Nick Bracks has spent the last decade as a passionate advocate for mental health issues, speaking at some of Australia’s largest organisations. His candid story recounts his mental health struggles since age 11, including a particularly difficult period when injury forced an early end to his dream career as a professional athlete.
A successful TED talk on how creative and entrepreneurial drive can help combat depression was a career highlight in over 1,000 mental health seminars and training workshops. Nick’s message has been delivered at some of the world’s largest employers, government organisations, schools and universities… Qantas, BUPA, Ernst & Young, Deloitte, McDonald’s, The Good Guys, Orora Group, Costa Group, Telstra, Mercedes Benz, Movember and countless other local community groups.
Nick is also a regular mental health commentator on television and other media, speaking on shows such as Sunrise, Seven News, The Project, Triple M, The Morning Show, Fox FM and ABC.
Ben says “mateship is so important to me, people I can be my true self around with no sort of pretense or expectation and we can just enjoy each other’s company, be there for one another and have that unwavering trust.” “Moving away has meant that I don’t see my mates as often as I would have hoped but when we do catch up it is like no time has passed at all.”
Professor Ben Hamer is one of Australia’s few accredited futurists and is a global expert on the Future of Work.
He heads up the Future of Work market for one of the world's leading advisories and has worked at the World Economic Forum, where he led critical projects on the future of work, skills, and education. Ben is a Board Member of the Australian HR Institute, where he was appointed as the youngest Non-Executive Director in the organisation’s history and provides expert commentary across Australian media on a regular basis.
Ben has a Doctorate of Public Administration, which included time spent as a Visiting Scholar at Yale University, and is an Adjunct Professor with the Centre for Work and Wellbeing at Edith Cowan University. Coupled with his leading industry experience, Ben has advised ASX CEOs through to Government Ministers. He is a sought-after keynote speaker on the topic of life and work in the future, and what it all means for organisations, leaders, and workers.

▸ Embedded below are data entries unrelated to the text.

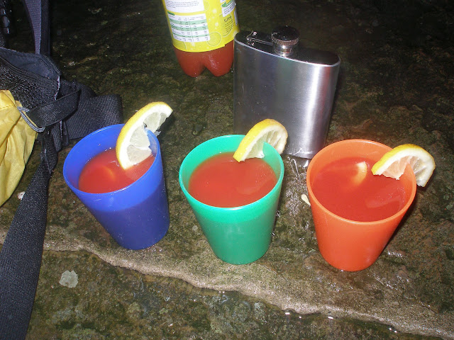 The second solution was stopping at some convenient point (in our case the Pigeon tower at Rivi) and break out 2 litres of Bloody Mary, made with extra Vodka. Toss, the provider of the refreshemnt, had even packed a full lemon and sliced it for each of our drinks.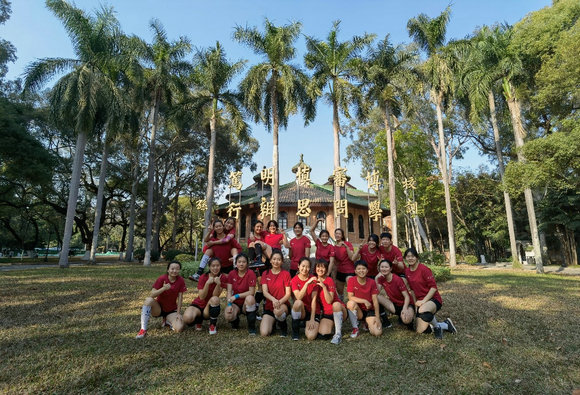 集训期间学生运动员们在南校园合影(来源:今年会女排)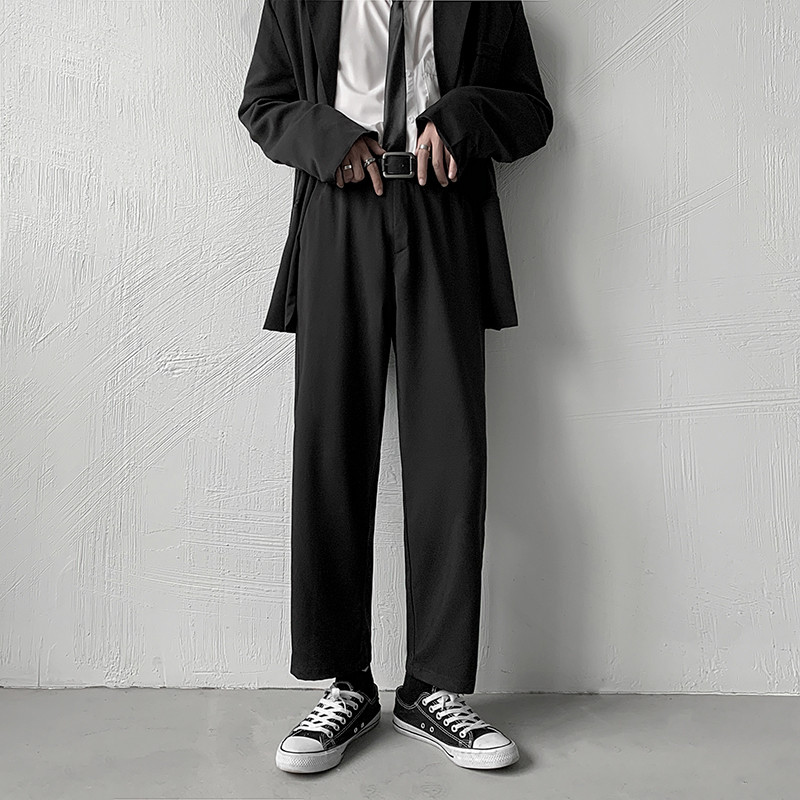 Calças de cintura Semi-elásticas masculinas estilo Hong Kong Drape calças retas primavera novo estilo juventude na moda

Nasir uses an insightful analogy to a cell phone to describe mateship he suggests "when a cell phone is flat you must charge it and plug it into a power source and to me sometimes that connection you can have with a friend/mate is that power source.” “Sometimes our batteries are flat, and we can derive energy, and power from that one positive source. We can be a positive power source for people too, and connection is so important and that’s the best way to draw that power.” “True mateship can’t be established without connection.”
Nasir Sobhani, also known as ‘The Streets’ Barber,’ has earned his affectionate title by spending his time taking to Melbourne’s streets offering free haircuts and shaves to the homeless and less fortunate.

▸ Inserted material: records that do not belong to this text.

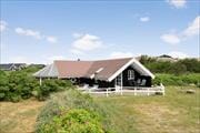 Hus-ID: 465På en lille, blind vej i Aargabs flotte klitlandskab står dette dejlige og rummelige sommerhus klar til jeres næste ferie. Her kan I hygge jer inden døre nær stuens brændeovn eller i den solfyldte karnap, og ude er der god plads til at slappe af og lege på den ugenerede klitgrund.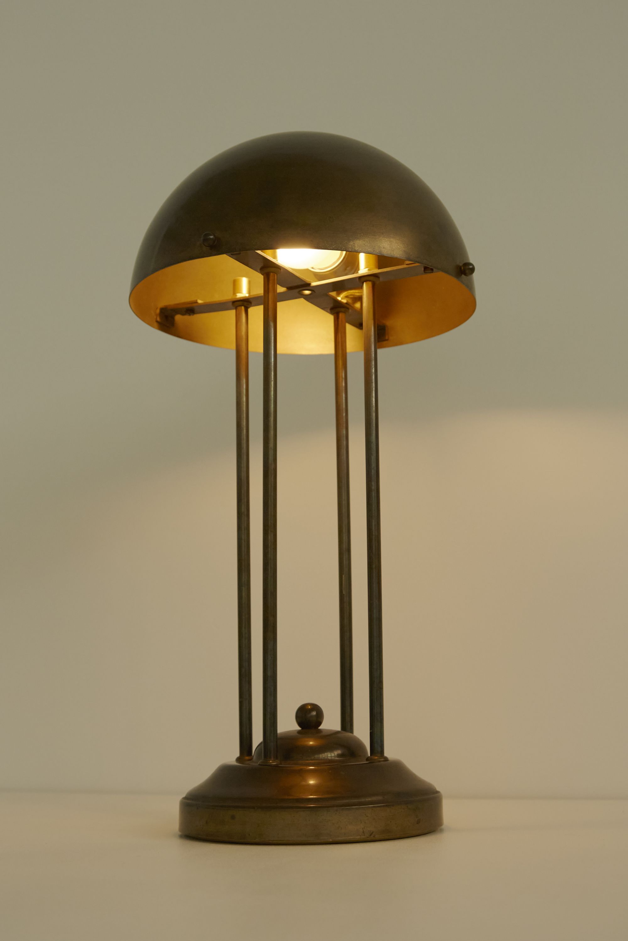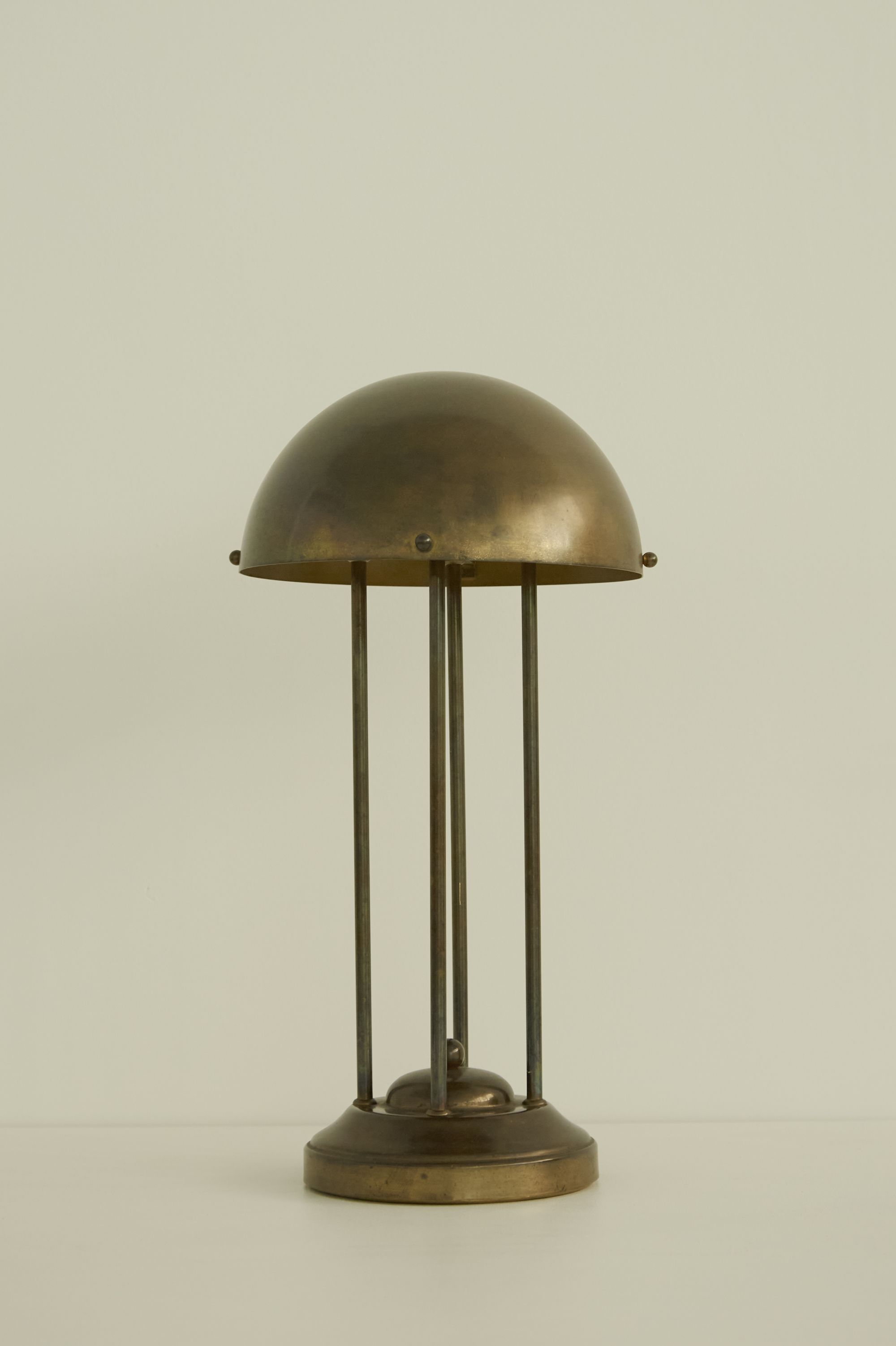 An elegant brass table lamp by Austrian designer Josef Hoffman. Its original design dates to 1900 but this piece is most likely a contemporary edition and later production circa 1960. The lamp features a wonderful patina throughout, its shade is supported by 4 brass tubes that connect to its circular foot. E27 bulb and original EU plug.
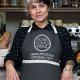 Tablier minimaliste de société noire, décoré de rayures blanches et facilement personnalisable avec votre propre logo, nom/position, et texte personnalisé en option ; parfait pour de nombreuses catégories d'affaires, comme les coiffeurs, esthéticiennes, spas, fleuristes, et bien plus encore.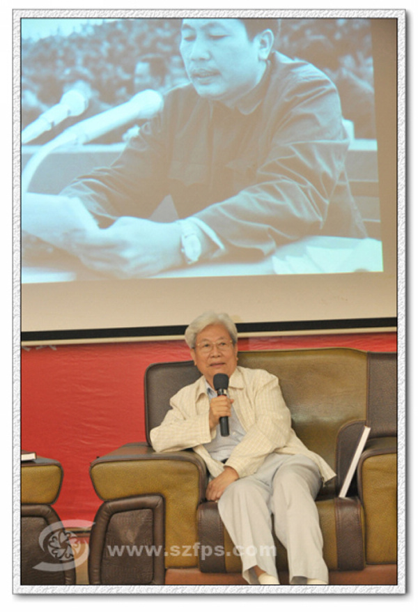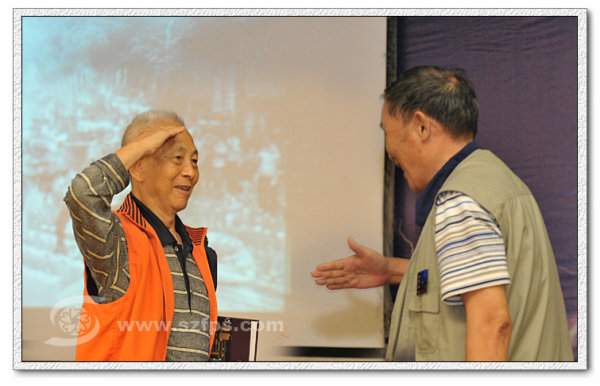 深圳市前革委会副主任李定同志(左一)向何煌友会长致敬

His inspirational story of compassion and generosity has received significant attention globally. Nasir was also one of the five people to be profiled as part of the Kenneth Cole Courageous Class Campaign in New York, celebrating individuals who have overcome obstacles in life to become inspiring role models.

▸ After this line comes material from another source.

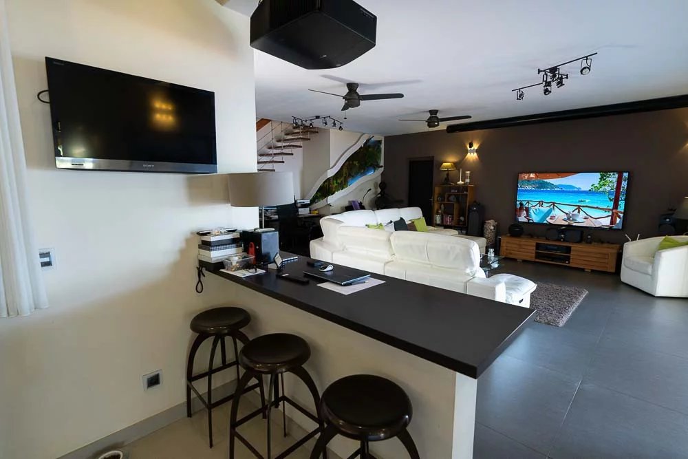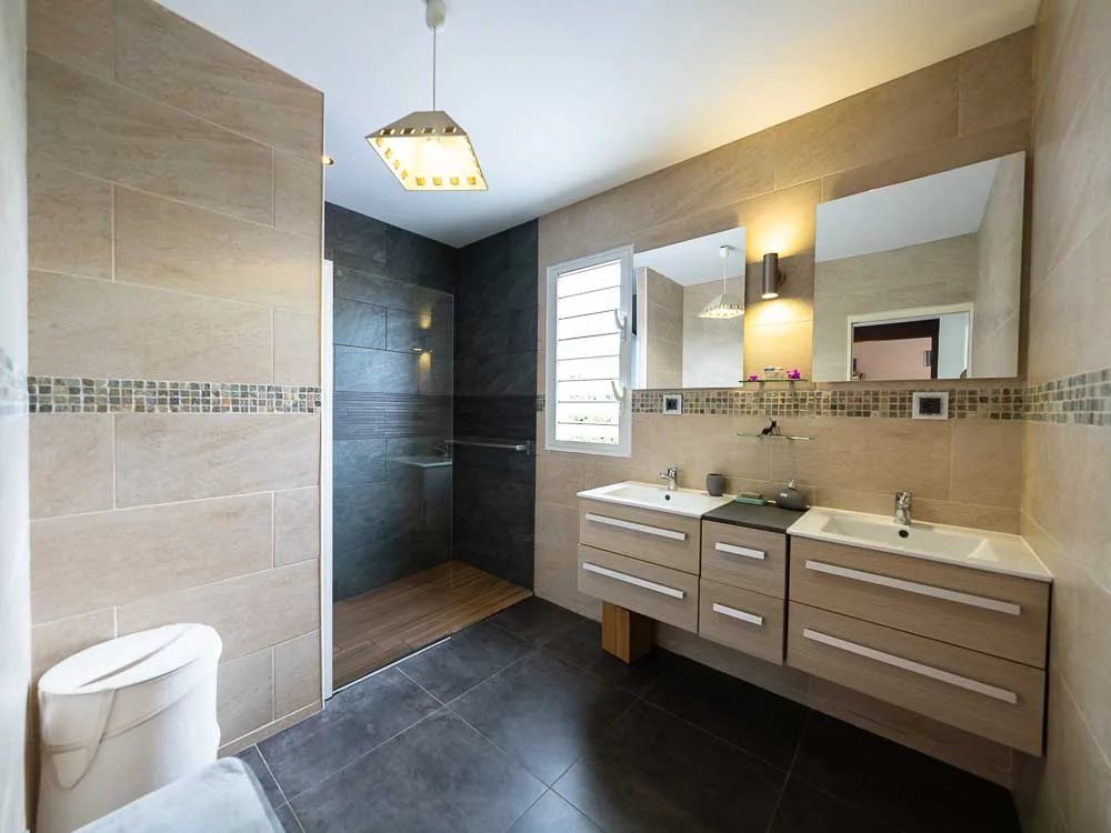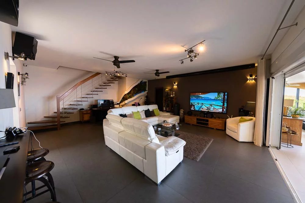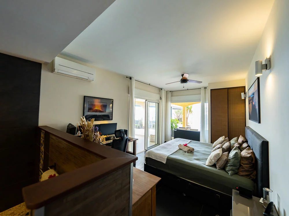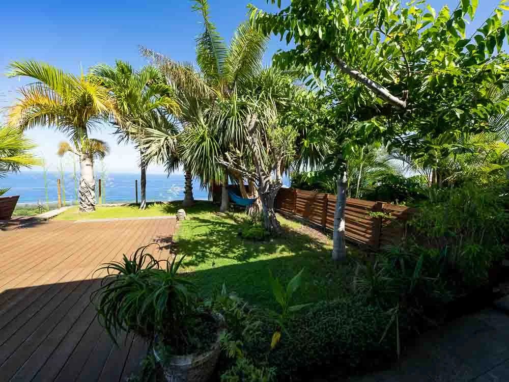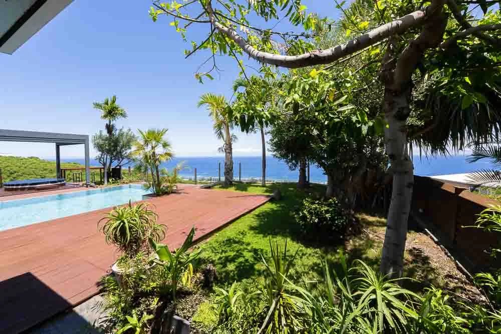 Sie befinden sich bei 120 m über dem Meeresspiegel, am Ende der Sackgasse und am Rande der Schlucht und entdecken eine völlig üppige Wohnumgebung. Mit ihrer dominanten Situation in der Bucht von Saint-Leu bietet sie Ihnen mit Sicherheit eine der schönsten Aussichten, die Sie warten können.

He is an inspirational speaker certain to motivate and encourage all those who encounter him to find their own purpose.
Nasir has an exceptional manner of connecting marginalised people with the greater community. Providing a ‘voice to the voiceless,’ he shares the unique stories of the homeless he encounters on social media platforms reaching far and wide.
Since receiving considerable recognition Nasir has been attracting clients from all over who come to receive fresh haircuts and simply meet him. Humble and friendly, he finds joy in ensuring all who sit in his chair leave with mutual feelings of respect and friendship.